Dementsprechend zeigt die Inszenierung das Stück als zeitloses Kammerspiel. Das Bühnenbild deutet die Entstehungszeit lediglich an, mit altertümlichem Mobiliar. Die Kostüme sind dezent dem heutigen Stil angepasst. Dezent — das gilt allerdings nicht für die Magd (Ragna Gerhardt), die mit ihren knatschbunten Gummistiefeln einen frischen Akzent setzt, der sich gut einfügt. Die Tatsache, dass Gerichtsrat Walter mit einer Frau besetzt ist (Katharina Kranemann), bewirkt erstmal Irritation. Es passt dann aber verblüffenderweise durchaus in das Spiel und sorgt für zusätzliche Facetten.

Die Aufführung wird getragen von der herausragenden, treffsicheren Spielleistung von Robert Cramer als Richter Adam und von Martina Wortmann als passend burschikose Marthe. Beide Darsteller gehen versiert mit dem Text um, den Stefan Hüfner gekonnt gestrafft und modernisiert hat. So hat er ihn sowohl für die Schauspieler als auch für das Publikum griffiger gemacht.
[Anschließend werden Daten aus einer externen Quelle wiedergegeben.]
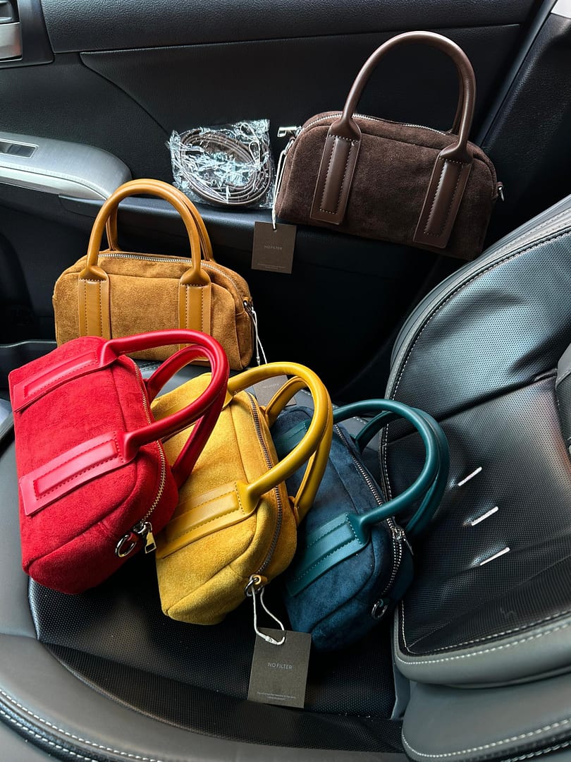 The “No Filter” Suede Mini Boston Bag is the ideal choice for those who value understated elegance over loud branding. Its compact size makes it incredibly versatile—small enough for evening use but structured enough to hold all your daily essentials like a phone, wallet, and keys. Choosing this bag means investing in a unique textural piece that adds a layer of “quiet luxury” to any outfit, from casual denim to sophisticated trench coats.
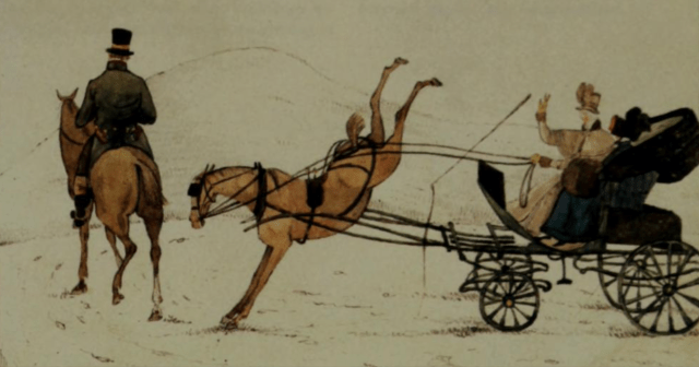 The same problems applied on the larger roads that linked towns and villages. From the mid-18thc there were massive improvements in road transport with the introduction of turnpikes. This took the responsibility for road maintenance off the local community and and gave it to bodies of local trustees who could levy tolls on users. These turnpike trusts remained responsible for most English trunk roads until the 1870s. One of the main roads near Tickford clearly hadn’t been “improved” and there is a sketch of the chaos caused when the coach got stuck, with luggage and dogs being thrown down to lighten the load. Arthur Young the agricultural writer who spent much of his life touring the country noted of the main road between Newport Pagnell and Bedford [very close to Tickford] that it was “a cursed string of hills and holes by the name of the road.”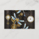Antique dials and keys with gold and brass gears, decorated with mechanical, steampunk dragonflies on brown, striped background.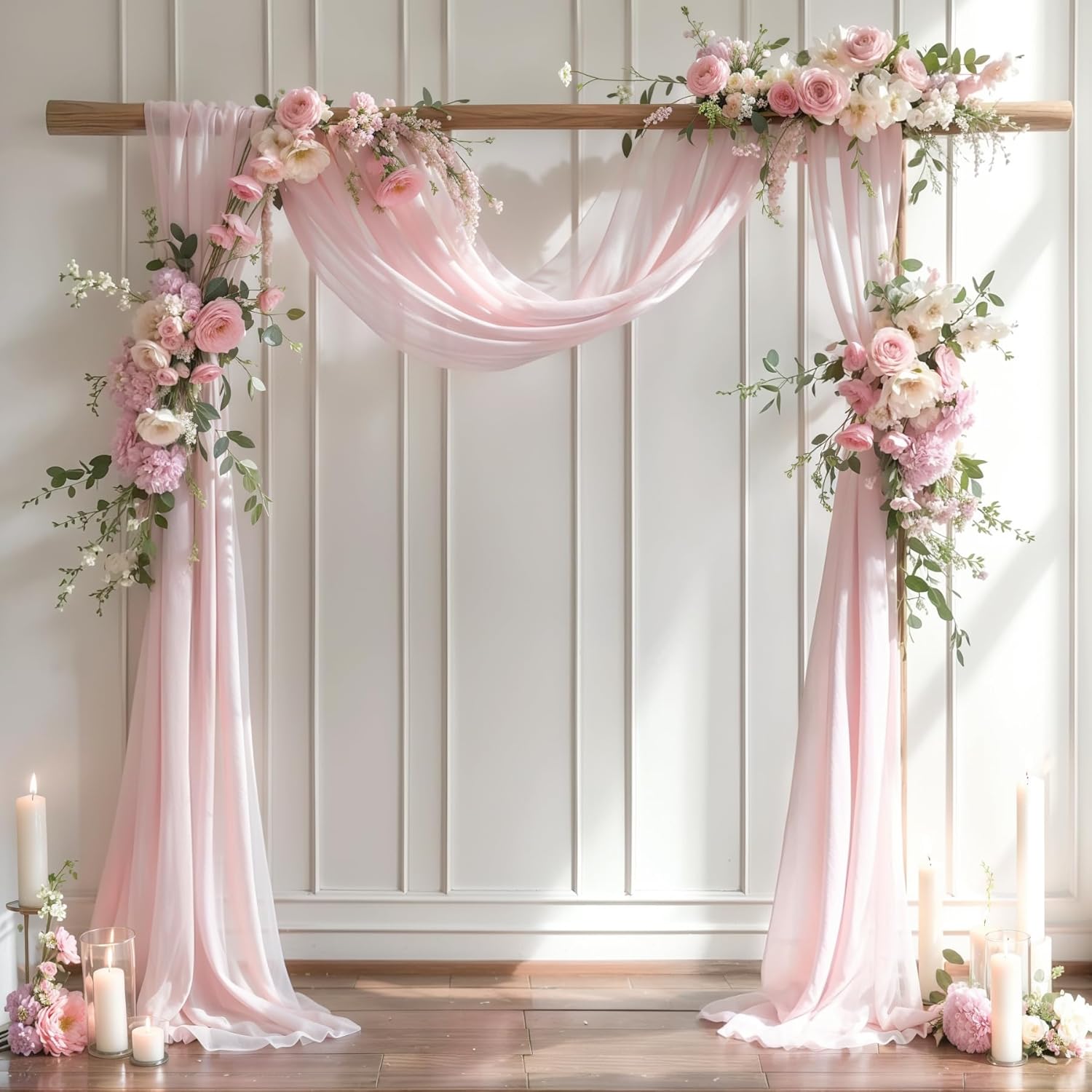 • Best Choice Wedding Arch: Blush arch drapes are good choice for your wedding decor. Romantic arch fabric will help to create beautiful folds or leave it flowing loose onto the floor, adding a very delicate, soft touch. Best wedding decoration gift.

Damit gewinnt die ebenso frische wie ambitionierte Produktion. Auch das übrige Ensemble, vor allem Elisabeth Wahle als Eve, erbringt gute Leistung. Gelungen ist in Cronenberg eine packende Umsetzung des Lustspiels. Sie zeigt, dass Kleits Klassiker nach wie vor ein verstörend aktuelles Stück Theater ist.